Quatre ou cinq fois la semaine, elle gravissait la rue Soufflot, alerte, pensive, la serviette sous le bras. La colonnade du Panthéon pressait de sa ronde aérienne les bases de la grande coupole blanche : Henriette y trouvait des réminiscences de ses amours pour la Grèce ; le dôme se découpant sur le bleu du ciel reposait ses yeux las de lire. Des camarades la saluaient sur le trottoir ; quelques-uns s’attardaient à feuilleter de vieux ouvrages aux tranches déchiquetées, sur l’étal des bouquinistes. Le long de la chaussée rebondie. et spacieuse, des automobiles roulaient, des bicyclettes, des camions chargés de fer. Et la petite robe grise d’Henriette au corsage étroit, aux manches gracieuses, disparaissait sous le porche de la Faculté.

On la retrouvait dans des corridors nus, dans les escaliers sombres de l’École, qui résonnaient du bruit de sa bottine. À l’amphithéâtre, elle était de ces élèves infatigablement assidus à qui le professeur en toge ou en veston s’adresse quand il fait un cours plus délicat. Sérieuse, appliquée, elle crayonnait avidement la leçon, pendant qu’à son esprit s’évoquaient toutes les hypothèses de la chicane, de la mauvaise foi humaine, où elle devait apprendre à se reconnaître. Les camarades la lorgnaient, plus occupés d’elle que des trois ou des quatre étrangères joufflues, au chapeau plat, aux larges mains rouges, faisant le gros dos sur leur cahier sale. La nuit venait ; les lampes s’allumaient sous les solives du plafond. Dans un bruit de classe qui se vide, Henriette ramassait vivement les papiers épars, sortait avec les autres. Le vent piquait ; le travail avait irrité le bel appétit de ses vingt ans ; quelquefois, par une fantaisie de fille élevée en plein luxe, elle entrait chez le boulanger du coin, et, pour attendre le fin dîner du soir, croquait un croissant d’un sou, tout chaud, qui sentait le four et la vraie vie d’étudiante.

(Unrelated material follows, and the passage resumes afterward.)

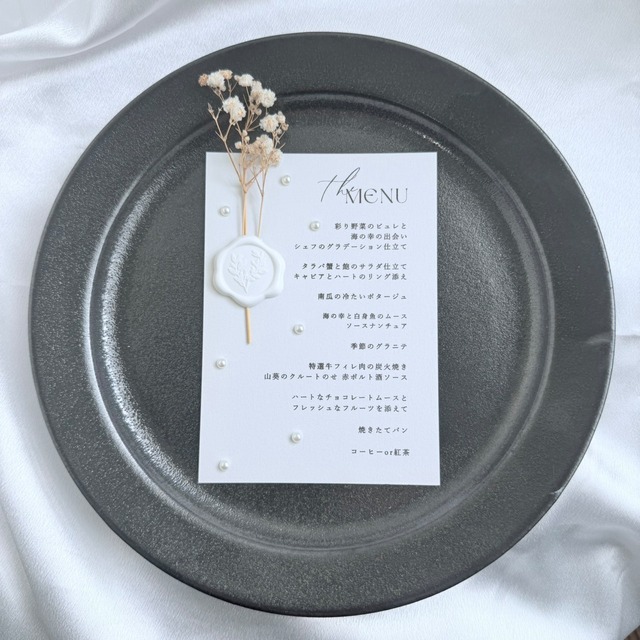 こちらの商品をオーダーご希望の方はご購入はせずに先にお問い合わせよりお願いいたします。 ・ご希望の仕様①〜③ ・ご希望のサイズ①か② ・ご希望の枚数 ・用紙 ・使用日 こちらを一緒に記入してお問い合わせをお願いいたします。 - 熊neko.designshopオリジナル✧ お洒落で可愛いトレンド感たっぷりのメニュー表です♪ 完成品で届くので少しでも結婚式の準備を楽にお洒落に♡ 当店は紙専門店からセレクトした高級紙や厚紙のみで制作しておりますので大切なゲスト様に質のよいペーパーアイテムでおもてなしができます。 加工・装飾オプションが豊富なのでオリジナルのペーパーアイテムの制作が可能です。 - ▶キャンセルについて https://kumaneko.base.shop/items/110073739 ▶通常納期より急ぎでの制作ご希望の場合は+料金となります https://kumaneko.base.shop/items/41494520 ▶インスタから過去の作品がご覧頂けます。 https://www.instagram.com/kumaneko.weddingshop - ◆通常納期 ・到着希望日まで3週間以上 70部以上は納期延長を1-7日頂いております。 年末年始、GW、お盆時期を挟む場合や前後は納期にご注意下さい。 使用日の1週間前には到着するよう納期は計算されて下さい。 ◆注文からお届けまで ①お問合せ後にお見積り→ご購入となります ②やりとりはLINEかアドレスにて行います ③記載内容を〈2日以内〉にご提示 ④データ画像制作 (平日3日以内) ⑤お客様による確認 ⑥印刷と加工 (平日7日以内) ⑦完成後 3日以内に発送予定 ⑧2-3日でお手元に届きます - ◆用紙 取り扱い用紙についてはこちら→https://kumaneko.base.shop/items/119422270 ※サンプルはキラキラ紙①を使用 ◆印刷・装飾オプション リボンについてはこちら→https://kumaneko.base.shop/items/119422440 加工や装飾オプションについてはこちら→https://kumaneko.base.shop/items/127377931 ◆金額 (ご希望の仕様) ①パールシールのみ 160円 ②パールシールとドライフラワーと木クリップ付き 220円 ③パールシールとドライフラワーとワックスシール 250円 ※30枚〜ご注文いただけます。 ※ドライフラワーは繊細な為、梱包や配送時に多少取れたりする事がありますが自然素材の為予めご了承下さいませ。少し多めに予備はお入れします。 ◆サイズ ①99×210㎜ ②105×148㎜ ◆メニュー内容 英語、フランス語などはお客様にて調べてのご提示をお願いいたします。 ◆その他 ・訂正3回まで無料となります。 ・以降訂正1回毎に+1000円。 ・フォント、カラー、文章、背景などの見比べは訂正1回消化になります。 ◆よくある質問 ・紙の見本を直接手で触って確認したいです。 →サンプルについてはこちらから https://kumaneko.base.shop/items/101675272 ・アレルギーやお子様メニューは制作可能でしょうか? →当店ではデザイン同じに限り追加料金はかからず制作しております。 ・発送後に追加が出た場合はどうすれば良いでしょうか? →ご希望の追加枚数+送料ご負担で追加が可能ですが、納期がギリギリの場合はお急ぎ料金がかかる場合ございます。 ・販売されていないデザインも制作可能でしょうか? →デザイン料1作品に付き1000円〜可能です。お見積りいたしますのでイメージ画像などと合わせてお問い合わせ下さい。 - ◆注意点 ・ウェディング関連のペーパーアイテムは印刷からカット工程、梱包作業など1枚1枚手作業にて制作しております。3㎜以内の差やズレは手直し範囲外となります。 ・ゲスト名やメニュー内容は画像提出ではなく文字をコピーできるテキスト提出にてご提示下さい。 ・お名前やメニュー内容など間違えがないか必ず新郎新婦様以外の方にも確認をしていただいて下さい。印刷後の間違えは通常金額の追加購入での対応となりますのでご注意下さい。 ・記載内容は2日以内にご提示下さい。ご準備が遅くなったり、増やしたいから待って欲しい場合は、納期によってはお急ぎ料金がかかる場合がございます。 ・当店にてサイトからフォントなどのダウンロードをご希望の場合は無料サイトのみ可能です。登録が必要なサイトはお断り致しますが当店がすでに登録しているサイトもあるのでご相談下さい。 ・持ち込み画像やフォントの著作権については当店では一切関与しておりません。 ・お使いのモニターによっては印刷との色彩が多少変わる場合がございます。なるべく画像に似せてお作りしておりますが、鮮やかな画面をインク印刷で再現するには限界がございますので予めご了承下さいませ。 ・制作データは使用日から半年は残しておきますので何かありましたらそれまでにご連絡をお願い致します。 ・制作に入ってからのキャンセル、返金は一切行っておりません。 ・その他、記載にない詳細がある場合はその都度お伝えする場合がございます。

Après le repas, à la lampe, elle cousait dans le grand salon aux tentures espagnoles, où résidaient ses parents. Elle disait que c’était là son heure de rêve, et que toute son imagination était au bout de son fil. À la vérité, la jurisprudence et la procédure ne lui laissaient guère de loisir tout le jour. Ce fut au cours de ces soirées silencieuses qu’elle en vint à envisager véritablement son avenir. Plusieurs de ses amies s’étaient mariées : souvent la peur de vivre sans être jamais aimée la hantait. Son père et sa mère lisaient chacun le livre de son goût. Tout se taisait dans la pièce. Henriette souhaitait un mari qui la comprit et dont elle serait le meilleur ami. Il lui semblait qu’elle le rendrait très heureux, plus heureux que ne l’était son père. Pourquoi donc avait-elle repoussé l’idée du mariage ? Une fois avocate, passerait-elle plus de temps au Palais que sa mère à ses visites ? À penser que des petits enfants pourraient naître d’elle, elle tressaillait d’une joie mystérieuse.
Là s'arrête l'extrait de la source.